In the copy, include every record below exactly as it appears, but no pictures.

=-=-=-=-=

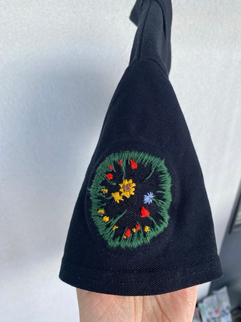 Vielä isompi työ on ollut ison kuvallisen logon poistaminen ja peittäminen brodeerauksella käsin. paitojen materiaali on yleensä niin ohut ja brodeeraus on usein rikkonut alla olevat langat, että pelkkä logot irtileikkaaminen ei riitä. Pieniä reikiä tulee melkein väistämättä ja muutenkin kankaaseen jää jälkeä. Toisaalta paita tulee paljon useammin päälle, kun se on koristeltu kauniiksi.
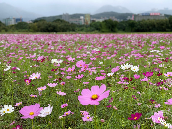 數大便是美,關渡花海已登場,台北市承德路7段401巷八仙抽水站附近,展現一場秋天微醺浪漫氛圍,這裡有繽紛多彩的波斯菊組成的花海美景,將至11月20日止,民眾不妨一起來「花」現幸福,另外,花海期間,於11/12(六) 15:00-16:00有折氣球表演;11/13(日) 15:00-16:00有音樂演出。
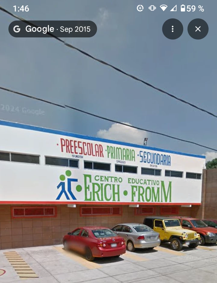 Erich Fromm Education Center — Choose your gender, name and grade and group, the school is large, it has 3 3-story buildings, the first is for preschool, the second in the middle is for primary, and the last is for secondary, it has 3 fields that are soccer, basketball and volleyball, you have a cooperative, primary secondary and preschool has a playground in its area. You have a daily uniform that is only used on Tuesday, and the sports uniform is dark blue black pants with 2 white stripes and another large dark green stripe on the sides and the logo on one part, the sweater is dark blue and the logo on the top and has a hood and the t-shirt is gray and the logo on one part. The everyday one is black pants and a green stripe on the sides and in one part the logo, the sweater is dark blue and has white sleeves and in one part the logo and has buttons to fasten and a white t-shirt with the logo.
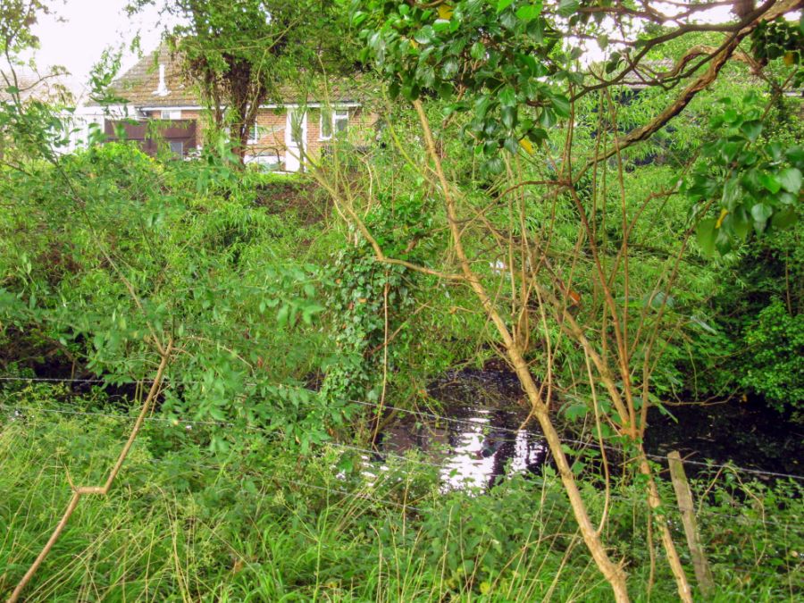 Past the car showrooms at The Hatch, the canal’s course can be discerned quite easily from the A30, although the first part is actually gardens off Cavalier Road. The canal’s course is essentially dry and overgrown but is soon back in water and enters a substantially long and deep cutting. Before it enters this deep cutting the watercourse runs to the rear of properties in Cavalier Road.
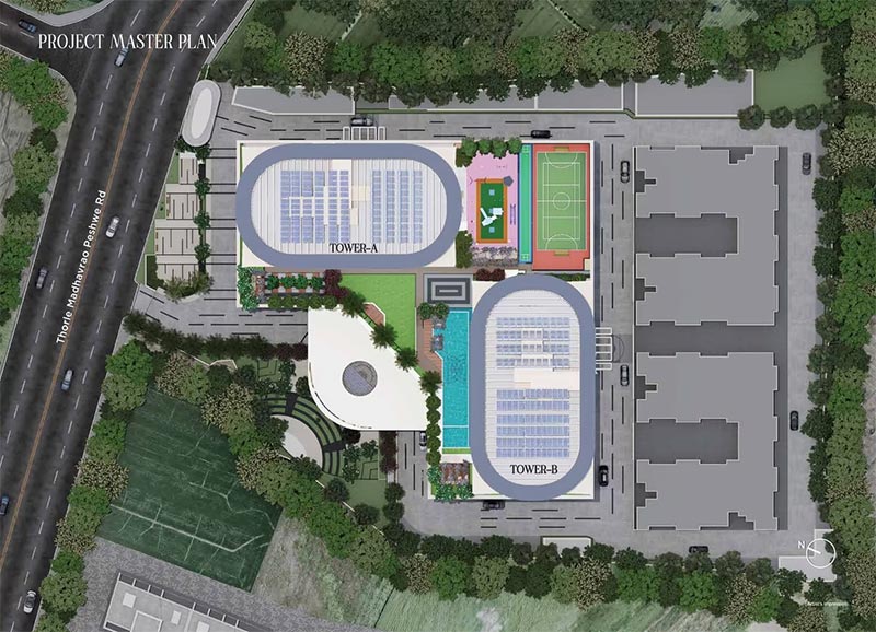 Welcome to Goel Ganga Legend County, Bavdhan, Pune's premier destination for luxury living by Goel Ganga Corporation. Nestled in the peaceful Bavdhan area, this exclusive project by the esteemed Goel Ganga Group presents beautifully designed sports ground facing flats that epitomize elegance and comfort. Spread across 30 acres, Ganga Legend County features 14 impressive towers, making it one of the tallest residential developments in the region. With seamless access to the Mumbai-Bangalore Highway and close proximity to popular areas like Kothrud and Baner, residents enjoy both convenience and tranquility, surrounded by lush green landscapes and top-tier amenities.
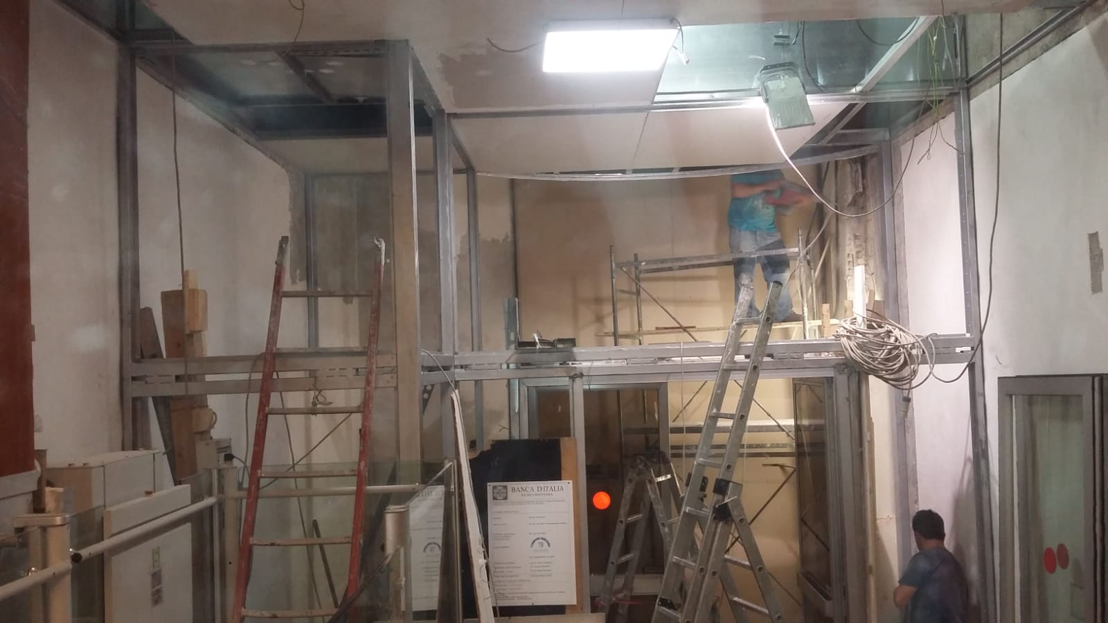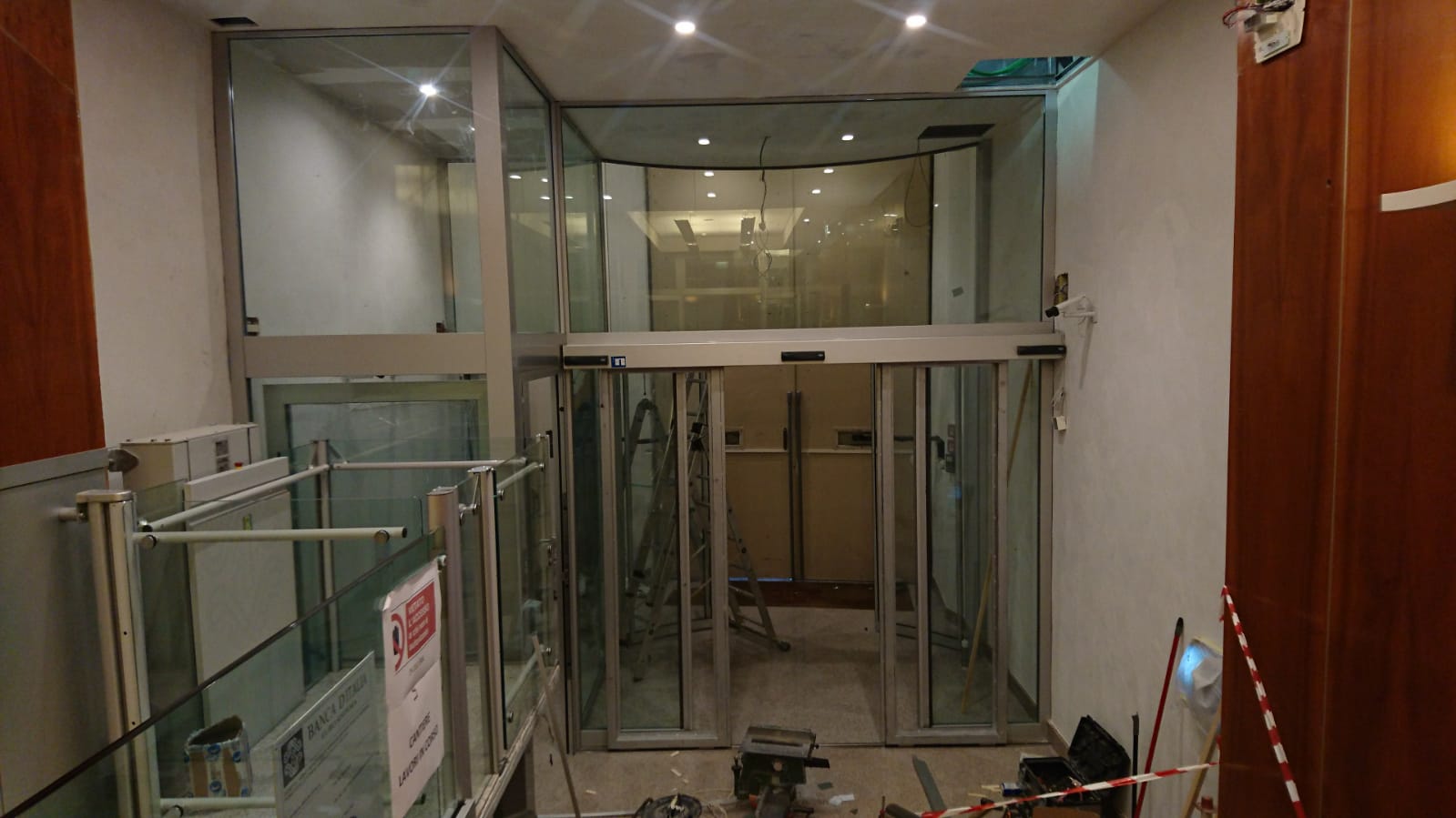 Il tutto costituito da elementi blindati (vetri e strutture metalliche) da terra fino a soffitto posto a 6,00 m di altezza.
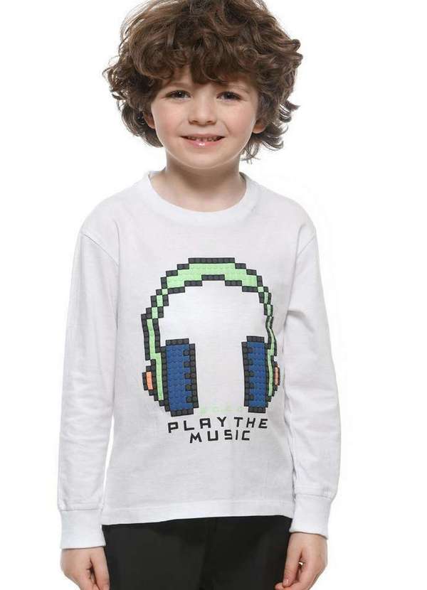 Camiseta Infantil Branca Play The Music Banana Danger. Gola Redonda, Manga longa, Tecido de algodão. Característica: Camiseta bem confortável, com desenho de fone e escrita Play The Music, elástico nas mangas para melhor ajuste. Sobre a marca: Perfeita para vestir seu bebê com estilo e criatividade.
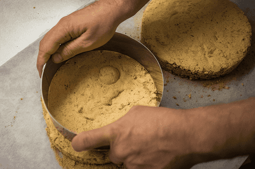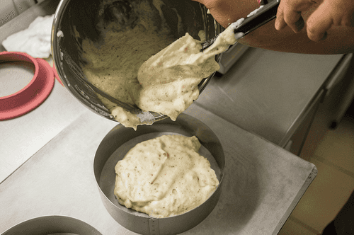 Разделить массу на две части, разровнять ее лопаткой в формах (диаметр 20 см) — не придавливая, а распределяя круговыми движениями. Но не придавайте значения, ровная у нее поверхность или нет.
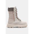 Kız Çocuk Bej Cilt Termo Taban Taş Detaylı Fermuarlı ve Bağcıklı Cırtlı Bot

=-=-=-=-=

[Answer to this problem]
 Vielä isompi työ on ollut ison kuvallisen logon poistaminen ja peittäminen brodeerauksella käsin. paitojen materiaali on yleensä niin ohut ja brodeeraus on usein rikkonut alla olevat langat, että pelkkä logot irtileikkaaminen ei riitä. Pieniä reikiä tulee melkein väistämättä ja muutenkin kankaaseen jää jälkeä. Toisaalta paita tulee paljon useammin päälle, kun se on koristeltu kauniiksi.
 數大便是美,關渡花海已登場,台北市承德路7段401巷八仙抽水站附近,展現一場秋天微醺浪漫氛圍,這裡有繽紛多彩的波斯菊組成的花海美景,將至11月20日止,民眾不妨一起來「花」現幸福,另外,花海期間,於11/12(六) 15:00-16:00有折氣球表演;11/13(日) 15:00-16:00有音樂演出。
 Erich Fromm Education Center — Choose your gender, name and grade and group, the school is large, it has 3 3-story buildings, the first is for preschool, the second in the middle is for primary, and the last is for secondary, it has 3 fields that are soccer, basketball and volleyball, you have a cooperative, primary secondary and preschool has a playground in its area. You have a daily uniform that is only used on Tuesday, and the sports uniform is dark blue black pants with 2 white stripes and another large dark green stripe on the sides and the logo on one part, the sweater is dark blue and the logo on the top and has a hood and the t-shirt is gray and the logo on one part. The everyday one is black pants and a green stripe on the sides and in one part the logo, the sweater is dark blue and has white sleeves and in one part the logo and has buttons to fasten and a white t-shirt with the logo.
 Past the car showrooms at The Hatch, the canal’s course can be discerned quite easily from the A30, although the first part is actually gardens off Cavalier Road. The canal’s course is essentially dry and overgrown but is soon back in water and enters a substantially long and deep cutting. Before it enters this deep cutting the watercourse runs to the rear of properties in Cavalier Road.
 Welcome to Goel Ganga Legend County, Bavdhan, Pune's premier destination for luxury living by Goel Ganga Corporation. Nestled in the peaceful Bavdhan area, this exclusive project by the esteemed Goel Ganga Group presents beautifully designed sports ground facing flats that epitomize elegance and comfort. Spread across 30 acres, Ganga Legend County features 14 impressive towers, making it one of the tallest residential developments in the region. With seamless access to the Mumbai-Bangalore Highway and close proximity to popular areas like Kothrud and Baner, residents enjoy both convenience and tranquility, surrounded by lush green landscapes and top-tier amenities.
 Il tutto costituito da elementi blindati (vetri e strutture metalliche) da terra fino a soffitto posto a 6,00 m di altezza.
 Camiseta Infantil Branca Play The Music Banana Danger. Gola Redonda, Manga longa, Tecido de algodão. Característica: Camiseta bem confortável, com desenho de fone e escrita Play The Music, elástico nas mangas para melhor ajuste. Sobre a marca: Perfeita para vestir seu bebê com estilo e criatividade.
 Разделить массу на две части, разровнять ее лопаткой в формах (диаметр 20 см) — не придавливая, а распределяя круговыми движениями. Но не придавайте значения, ровная у нее поверхность или нет.
 Kız Çocuk Bej Cilt Termo Taban Taş Detaylı Fermuarlı ve Bağcıklı Cırtlı Bot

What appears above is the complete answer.